If `tantheta = (3)/( 4)` find the value of `((1-cos^(2)theta)/(1+cos^(2)theta))`

To solve the problem, we need to find the value of the expression \(\frac{1 - \cos^2 \theta}{1 + \cos^2 \theta}\) given that \(\tan \theta = \frac{3}{4}\). ### Step-by-Step Solution: 1. **Use the identity for sine and cosine**: We know that \(\sin^2 \theta + \cos^2 \theta = 1\).
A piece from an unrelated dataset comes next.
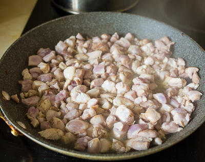 Увеличиваем нагрев до сильного и добавляем немного масла. В несколько заходов обжариваем курятину, примерно по 2-3 минуты на заход.

From this, we can express \(\sin^2 \theta\) as: \[ \sin^2 \theta = 1 - \cos^2 \theta \] Therefore, we can rewrite the expression: \[ \frac{1 - \cos^2 \theta}{1 + \cos^2 \theta} = \frac{\sin^2 \theta}{1 + \cos^2 \theta} \] 2. **Find \(\sin \theta\) and \(\cos \theta\) using \(\tan \theta\)**: Given \(\tan \theta = \frac{3}{4}\), we can consider a right triangle where the opposite side is 3 and the adjacent side is 4. The hypotenuse \(h\) can be calculated using the Pythagorean theorem: \[ h = \sqrt{3^2 + 4^2} = \sqrt{9 + 16} = \sqrt{25} = 5 \] Now, we can find \(\sin \theta\) and \(\cos \theta\): \[ \sin \theta = \frac{\text{opposite}}{\text{hypotenuse}} = \frac{3}{5}, \quad \cos \theta = \frac{\text{adjacent}}{\text{hypotenuse}} = \frac{4}{5} \] 3. **Calculate \(\sin^2 \theta\) and \(\cos^2 \theta\)**: \[ \sin^2 \theta = \left(\frac{3}{5}\right)^2 = \frac{9}{25}, \quad \cos^2 \theta = \left(\frac{4}{5}\right)^2 = \frac{16}{25} \] 4. **Substitute \(\sin^2 \theta\) and \(\cos^2 \theta\) into the expression**: Now substitute \(\sin^2 \theta\) and \(\cos^2 \theta\) into the expression we derived: \[ \frac{\sin^2 \theta}{1 + \cos^2 \theta} = \frac{\frac{9}{25}}{1 + \frac{16}{25}} = \frac{\frac{9}{25}}{\frac{25 + 16}{25}} = \frac{\frac{9}{25}}{\frac{41}{25}} \] 5. **Simplify the expression**: Dividing by a fraction is the same as multiplying by its reciprocal: \[ = \frac{9}{25} \times \frac{25}{41} = \frac{9}{41} \] ### Final Answer: Thus, the value of \(\frac{1 - \cos^2 \theta}{1 + \cos^2 \theta}\) is \(\frac{9}{41}\).